• [Exercise instructions]
Omit the pictures, then reproduce exactly the line bearing "El segundo piso" and every line after it up to and including the last line of the entries below.

• [Collection entries]
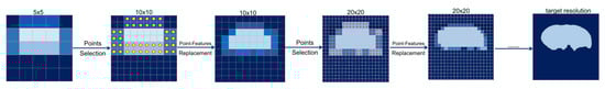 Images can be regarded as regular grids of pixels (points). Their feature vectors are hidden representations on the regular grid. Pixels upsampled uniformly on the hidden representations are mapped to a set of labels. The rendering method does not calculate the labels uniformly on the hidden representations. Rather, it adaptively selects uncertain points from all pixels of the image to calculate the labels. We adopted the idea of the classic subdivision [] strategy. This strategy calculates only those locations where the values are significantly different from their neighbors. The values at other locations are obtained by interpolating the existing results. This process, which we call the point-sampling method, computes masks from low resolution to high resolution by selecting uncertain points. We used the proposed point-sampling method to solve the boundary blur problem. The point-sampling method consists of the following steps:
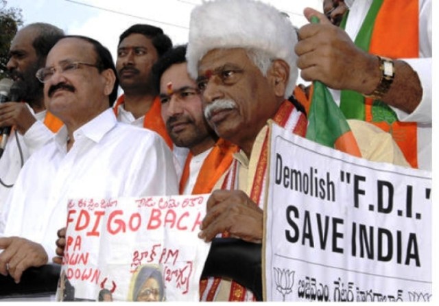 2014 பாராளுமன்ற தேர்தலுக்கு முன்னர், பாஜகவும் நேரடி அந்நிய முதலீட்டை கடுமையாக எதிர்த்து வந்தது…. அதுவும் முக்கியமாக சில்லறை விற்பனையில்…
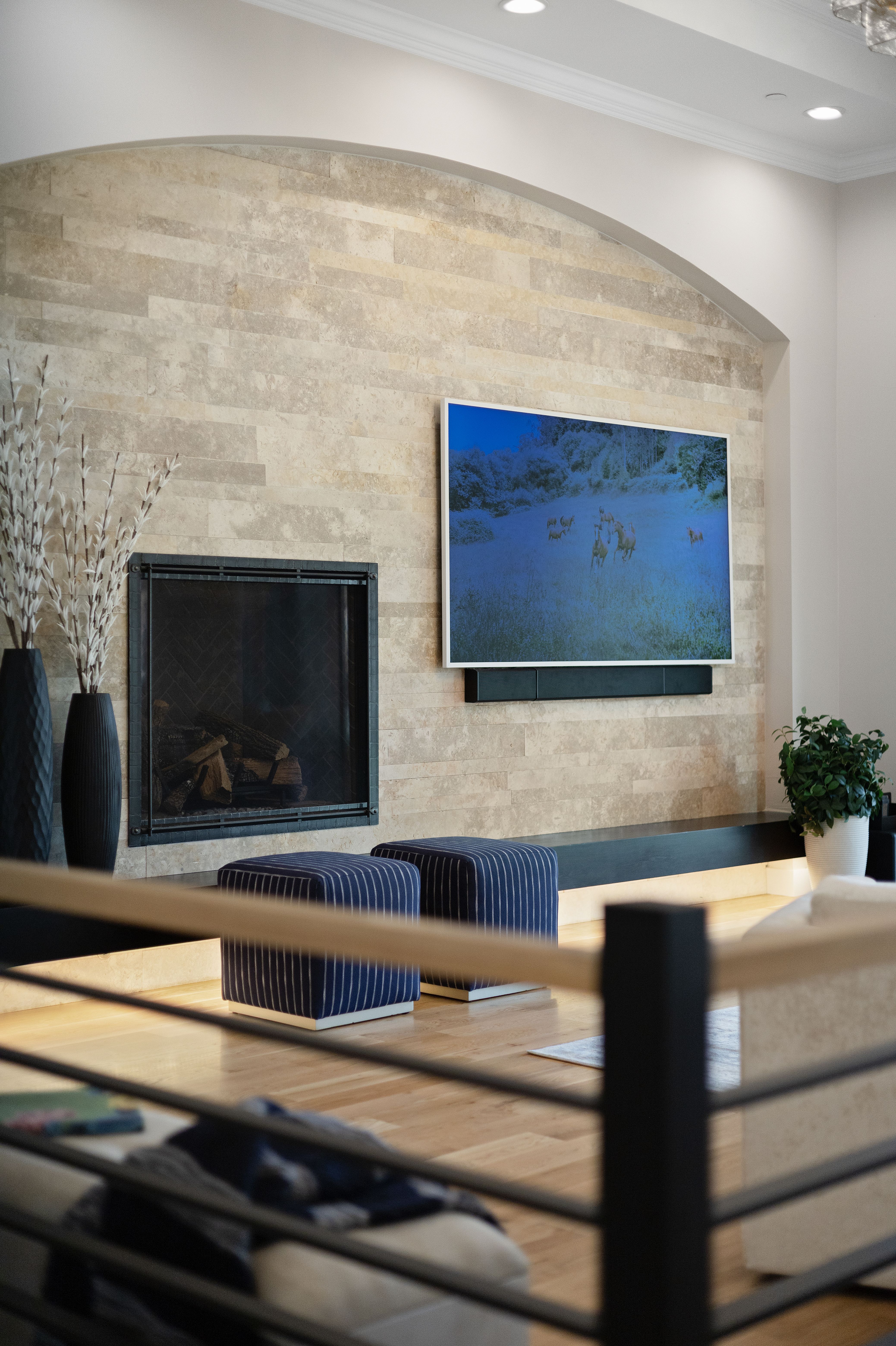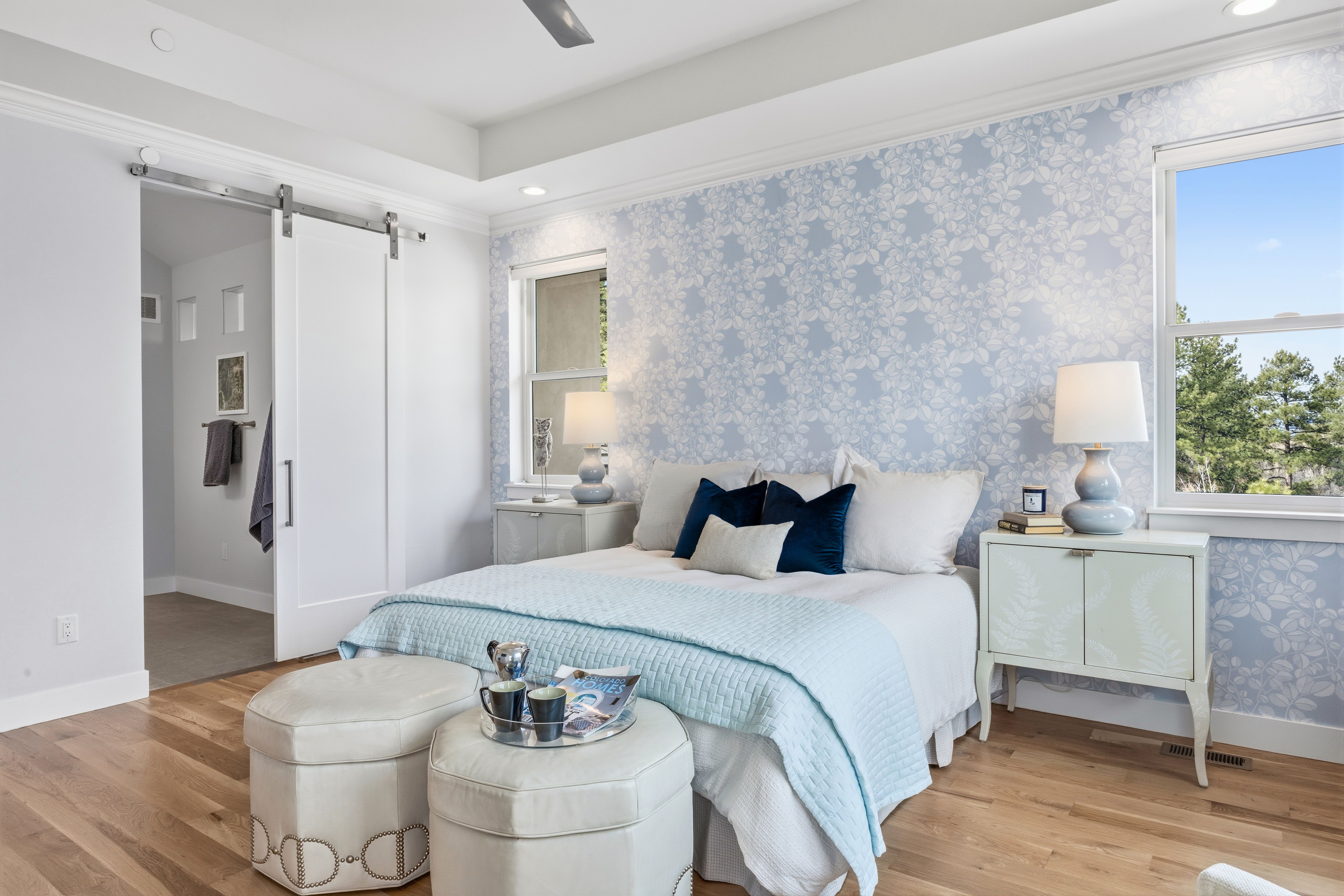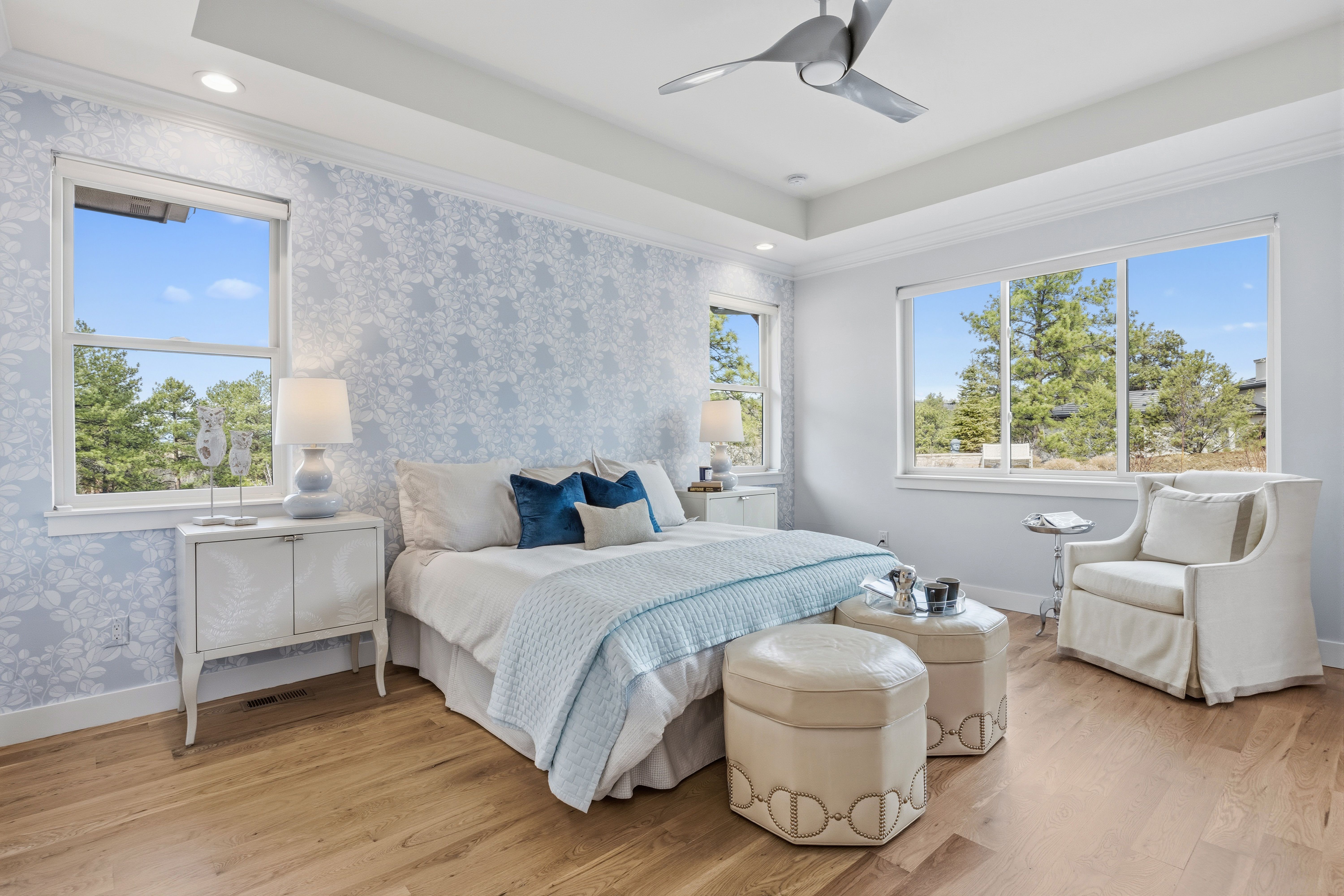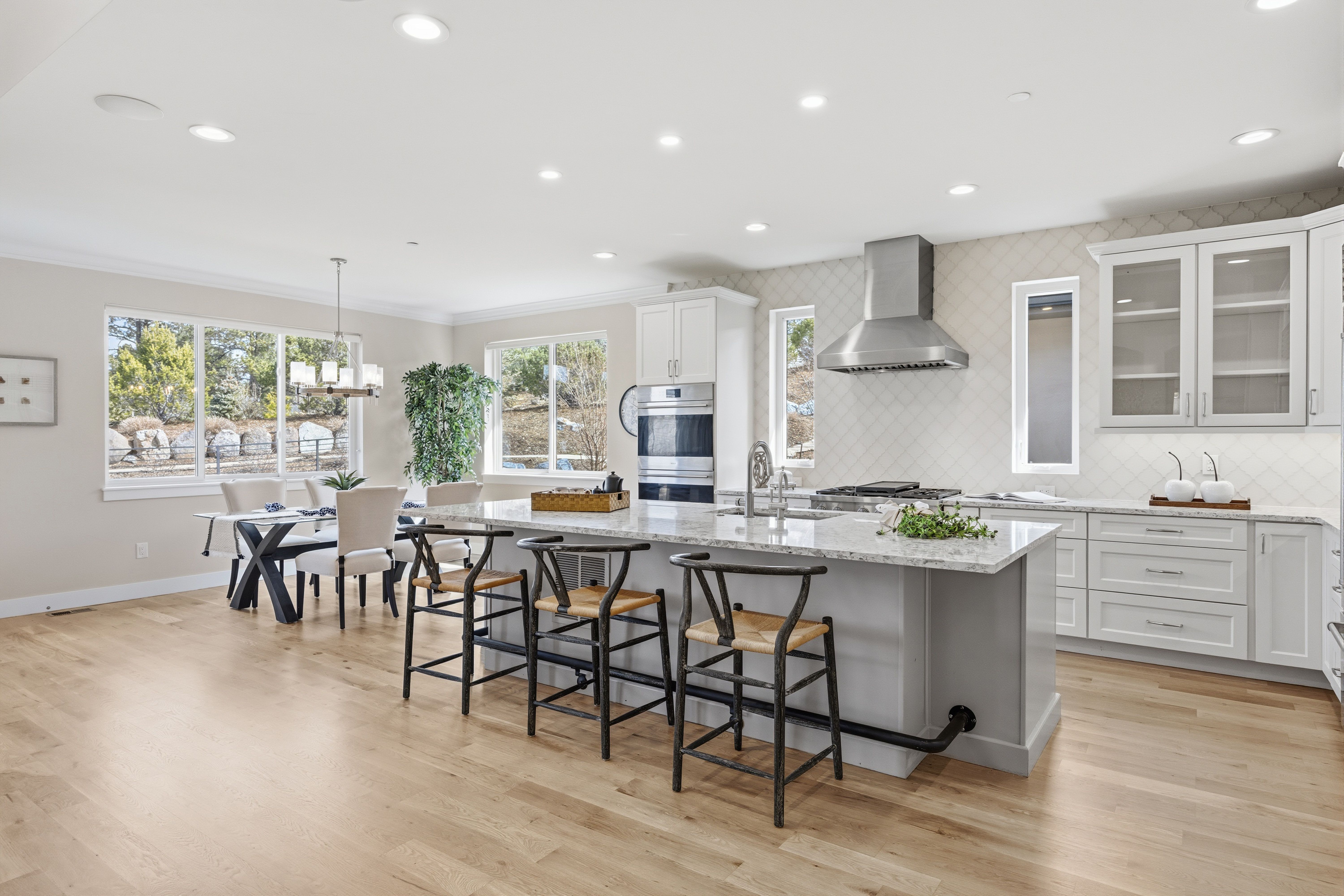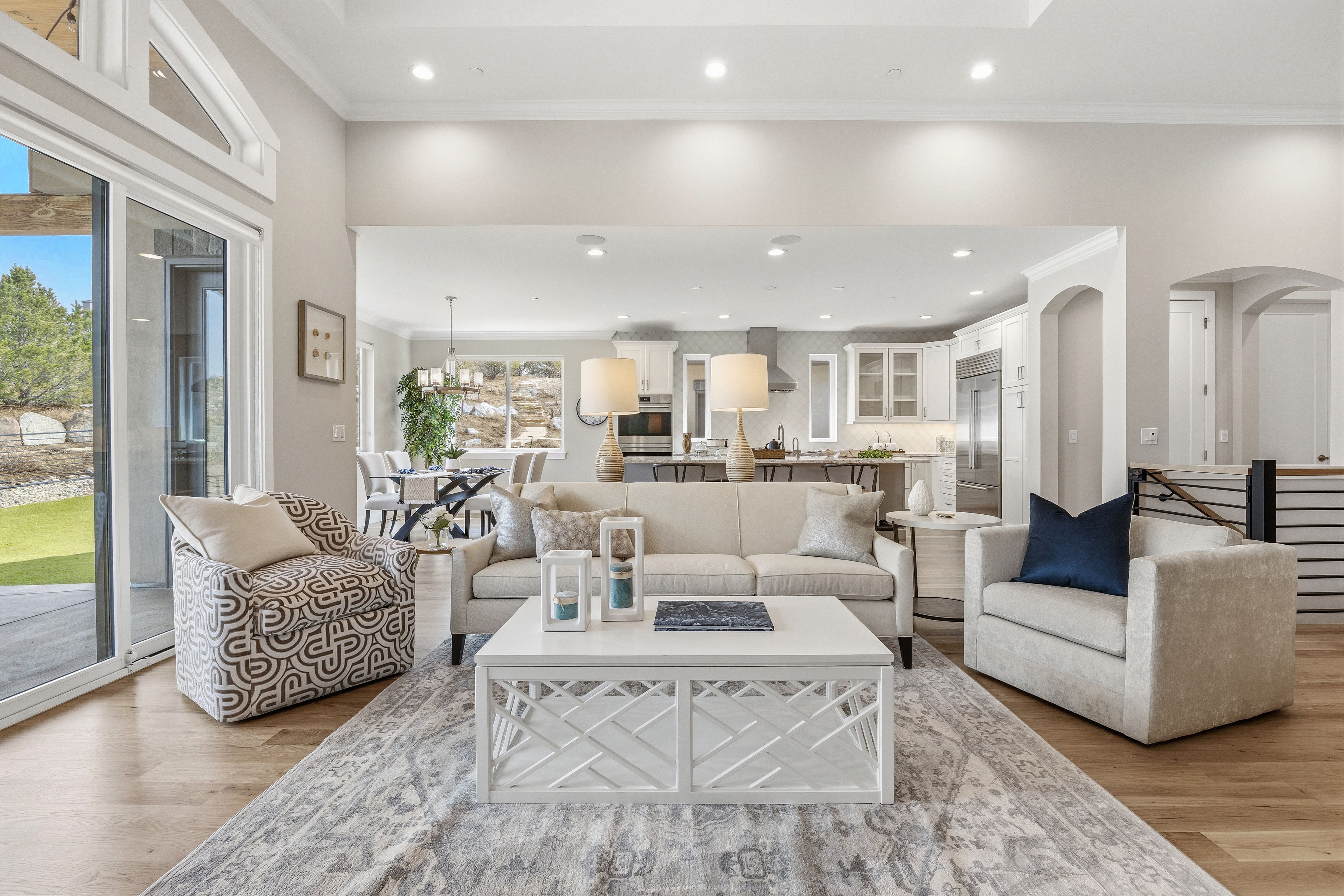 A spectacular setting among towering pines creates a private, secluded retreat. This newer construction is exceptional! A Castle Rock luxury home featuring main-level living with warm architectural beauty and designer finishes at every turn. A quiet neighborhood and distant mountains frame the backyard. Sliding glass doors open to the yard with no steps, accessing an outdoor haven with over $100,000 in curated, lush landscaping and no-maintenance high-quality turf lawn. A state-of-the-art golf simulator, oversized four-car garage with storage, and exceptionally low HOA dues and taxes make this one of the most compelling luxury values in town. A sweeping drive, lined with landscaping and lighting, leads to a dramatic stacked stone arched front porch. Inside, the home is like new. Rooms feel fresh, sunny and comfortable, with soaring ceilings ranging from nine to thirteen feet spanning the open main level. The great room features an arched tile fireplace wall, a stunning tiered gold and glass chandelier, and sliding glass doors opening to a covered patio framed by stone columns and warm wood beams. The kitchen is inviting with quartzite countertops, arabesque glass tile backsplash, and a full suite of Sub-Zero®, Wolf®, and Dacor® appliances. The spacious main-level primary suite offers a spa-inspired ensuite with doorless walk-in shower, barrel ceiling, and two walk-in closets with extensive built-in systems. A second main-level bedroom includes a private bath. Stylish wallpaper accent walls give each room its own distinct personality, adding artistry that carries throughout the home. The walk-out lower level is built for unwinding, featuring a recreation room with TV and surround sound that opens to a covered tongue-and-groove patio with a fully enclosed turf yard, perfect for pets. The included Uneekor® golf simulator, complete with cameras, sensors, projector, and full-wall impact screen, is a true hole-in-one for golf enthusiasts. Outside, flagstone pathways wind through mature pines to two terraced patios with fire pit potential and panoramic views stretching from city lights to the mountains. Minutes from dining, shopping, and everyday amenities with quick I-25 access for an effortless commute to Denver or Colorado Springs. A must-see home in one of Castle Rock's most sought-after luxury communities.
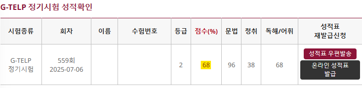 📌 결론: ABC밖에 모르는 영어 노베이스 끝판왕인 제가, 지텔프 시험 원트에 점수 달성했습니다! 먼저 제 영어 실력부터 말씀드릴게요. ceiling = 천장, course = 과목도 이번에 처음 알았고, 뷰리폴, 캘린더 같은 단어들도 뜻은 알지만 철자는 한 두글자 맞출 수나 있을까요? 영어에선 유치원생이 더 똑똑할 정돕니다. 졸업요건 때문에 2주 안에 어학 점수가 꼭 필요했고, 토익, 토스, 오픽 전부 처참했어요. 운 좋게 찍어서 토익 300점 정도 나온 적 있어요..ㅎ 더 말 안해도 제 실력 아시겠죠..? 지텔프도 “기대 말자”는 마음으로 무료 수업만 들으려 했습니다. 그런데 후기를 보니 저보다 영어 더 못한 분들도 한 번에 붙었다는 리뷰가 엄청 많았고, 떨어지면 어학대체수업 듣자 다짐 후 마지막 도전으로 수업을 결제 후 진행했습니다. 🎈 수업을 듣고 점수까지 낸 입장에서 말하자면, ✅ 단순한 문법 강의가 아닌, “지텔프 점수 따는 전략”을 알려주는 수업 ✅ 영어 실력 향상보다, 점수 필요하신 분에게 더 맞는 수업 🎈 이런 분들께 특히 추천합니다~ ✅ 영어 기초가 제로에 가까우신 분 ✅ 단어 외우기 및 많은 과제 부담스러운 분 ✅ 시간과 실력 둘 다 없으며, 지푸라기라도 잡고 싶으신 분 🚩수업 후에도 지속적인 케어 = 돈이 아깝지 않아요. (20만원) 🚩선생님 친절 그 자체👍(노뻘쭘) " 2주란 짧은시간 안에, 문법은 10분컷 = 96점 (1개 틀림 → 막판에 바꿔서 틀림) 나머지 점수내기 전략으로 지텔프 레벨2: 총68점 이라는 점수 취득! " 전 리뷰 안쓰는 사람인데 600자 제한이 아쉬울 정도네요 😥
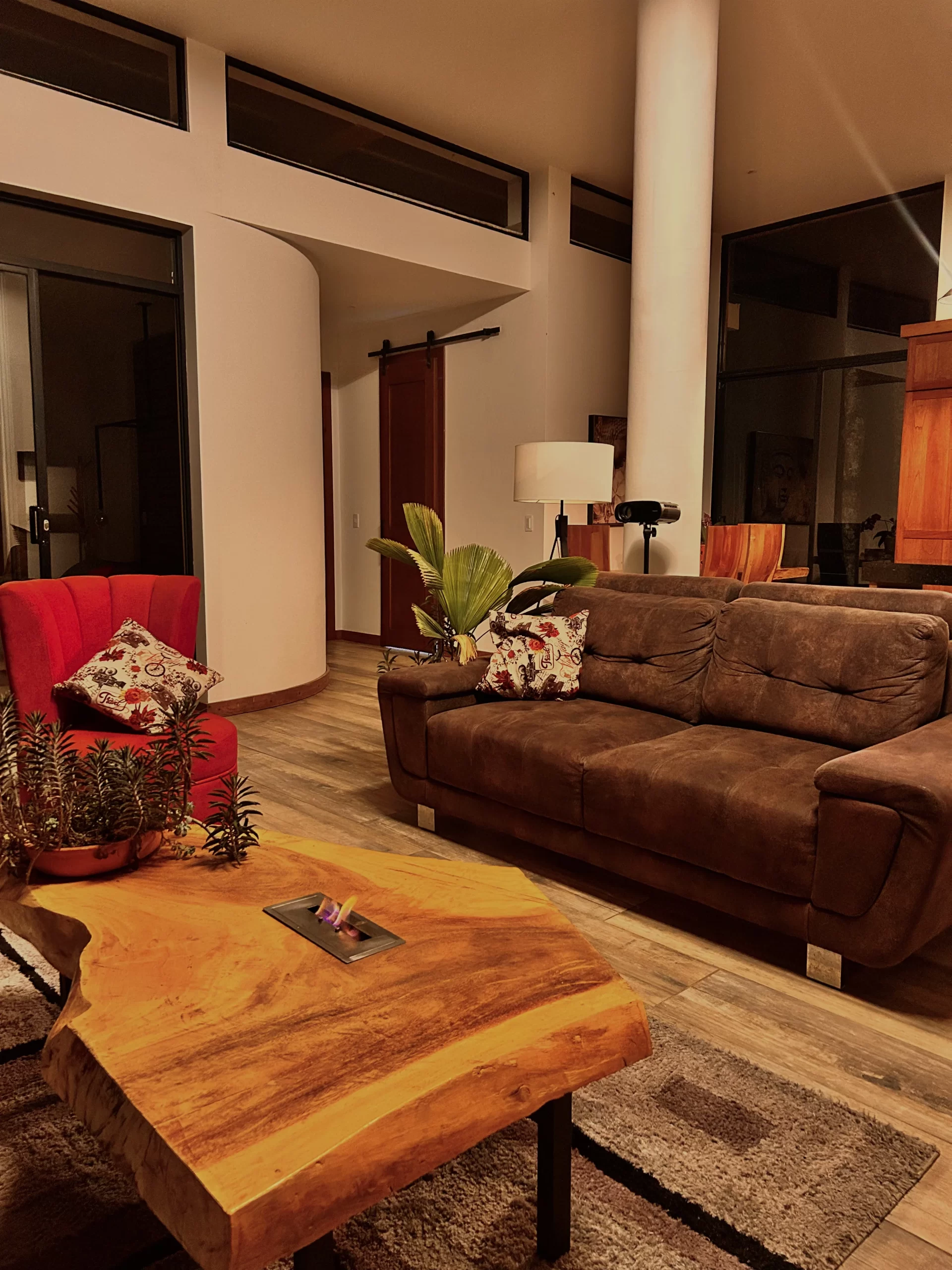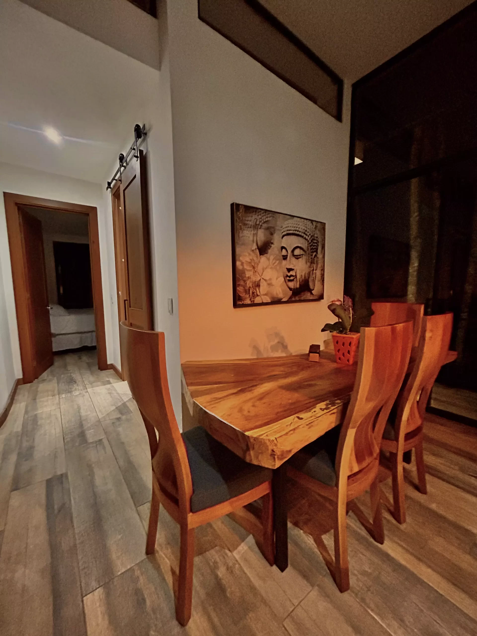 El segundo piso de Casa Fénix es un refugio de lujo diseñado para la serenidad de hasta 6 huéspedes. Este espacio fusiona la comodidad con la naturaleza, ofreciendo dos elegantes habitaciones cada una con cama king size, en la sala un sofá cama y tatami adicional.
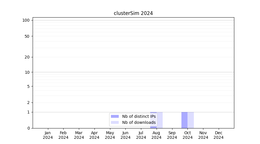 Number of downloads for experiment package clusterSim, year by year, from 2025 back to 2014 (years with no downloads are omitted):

• [Written response]
 El segundo piso de Casa Fénix es un refugio de lujo diseñado para la serenidad de hasta 6 huéspedes. Este espacio fusiona la comodidad con la naturaleza, ofreciendo dos elegantes habitaciones cada una con cama king size, en la sala un sofá cama y tatami adicional.
 Number of downloads for experiment package clusterSim, year by year, from 2025 back to 2014 (years with no downloads are omitted):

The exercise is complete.